The list of suitable metal oxide films contemplated by the present invention includes, but is not limited to, HfO ₂ , Al ₂ O ₃ , ZrO ₂ , TiO ₂ , NiO, Cu: MnO _x , Cu _x O, Cu: MoO _x , In—Zn—O, SrTiO ₃ , Cr—SrZrO ₃ , PrCaMnO ₃ , SrLaTiO ₃ , LaSrFeO ₃ , LaSrCoO ₃ , and (Ba, Sr) TiO ₃ are included. [Other? ]

The list of metal films with suitable oxygen vacancies anticipated by the present invention is not limited, but includes HfN, HfTiO, HfAl, NiN, TiN, PCMO, Al ₂ O, ZrO, TiO, Cu: MnO, Cu _x N, Cu: MoO, In-Zn-N, SrTiO, Cr-SrZrO, PrCaMnO, SrLaTiO, LaSrFeO, LaSrCoO, and (Ba, Sr) TiO are included.

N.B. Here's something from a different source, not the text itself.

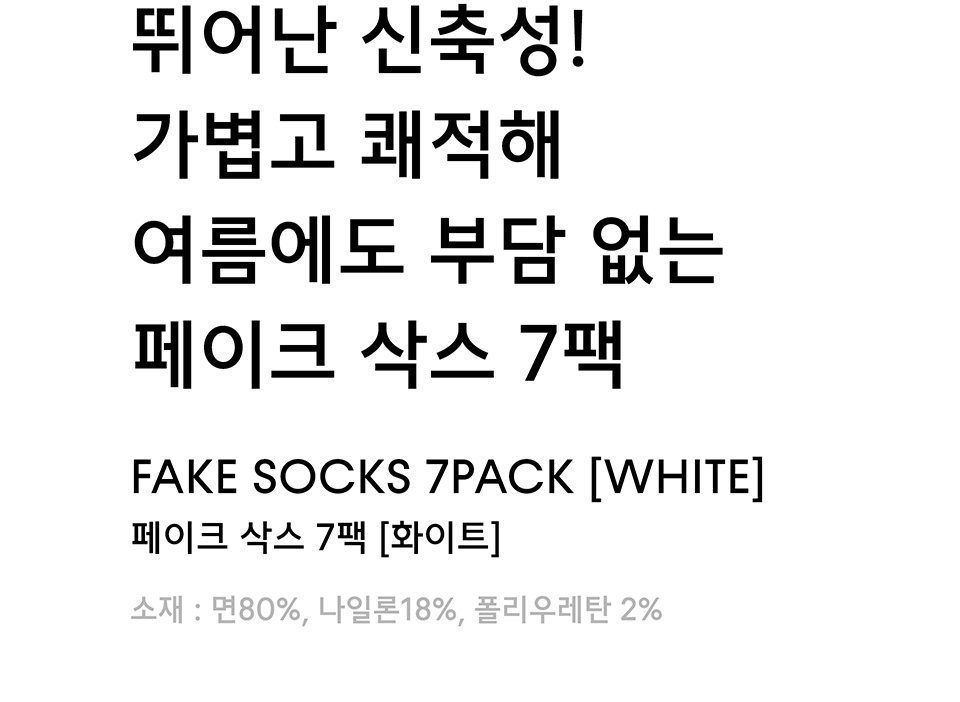 라이트웨이트 크루 삭스 7팩 [화이트]

In a detailed embodiment, the list of composite films contemplated by the present invention includes, but is not limited to, HfO ₂ / HfN, HfO ₂ / HfTiO, HfO ₂ / HfAl, Al ₂ O ₃ / Al ₂ O, ZrO ₂ / ZrO, TiO ₂ / TiO, NiO / NiN, Cu: MnO _x / Cu: MnO, Cu _x O / Cu _x N, Cu: MoO _x / Cu: MoO, ln—Zn—O / ln—Zn—N, SrTiO _{3 / SrTiO, Cr-SrZrO 3} / Cr-SrZrO, PrCaMnO 3 / PrCaMnO, SrLaTiO 3 / SrLaTiO, LaSrFeO 3 / LaSrFeO, LaSrCoO 3 / LaSrCoO, (Ba, Sr) TiO 3 / (Ba, Sr) TiO, HFO2 / TiN and combinations thereof.

In certain embodiments, the method includes placing the substrate in a processing chamber and forming a layer, eg, a TiN layer, on the substrate. Thereafter, flowing HfCl ₄ gas through at least a portion of the substrate in the chamber and subsequently flowing purge gas into the chamber under conditions that form a partial monolayer comprising chlorine-terminated hafnium. An oxygen deficient deposition cycle is performed. This may be followed by flowing NH ₃ to the substrate in the chamber followed by a purge gas under conditions that form a partial monolayer containing HfN. As an alternative, only HfCl ₄ gas is flowed during the oxygen deficiency deposition cycle to form an oxygen deficiency layer on the TiN layer. Then, HfCl ₄ gas is flowed through at least a portion of the substrate in the chamber, followed by purging gas into the chamber under conditions that form a partial monolayer comprising chlorine-terminated hafnium on the substrate. A metal oxide deposition cycle is performed. Then, under conditions that form a partial monolayer comprising hafnium oxide on the Hf layer on the substrate, water vapor may be flowed to the substrate in the chamber followed by a purge gas into the chamber.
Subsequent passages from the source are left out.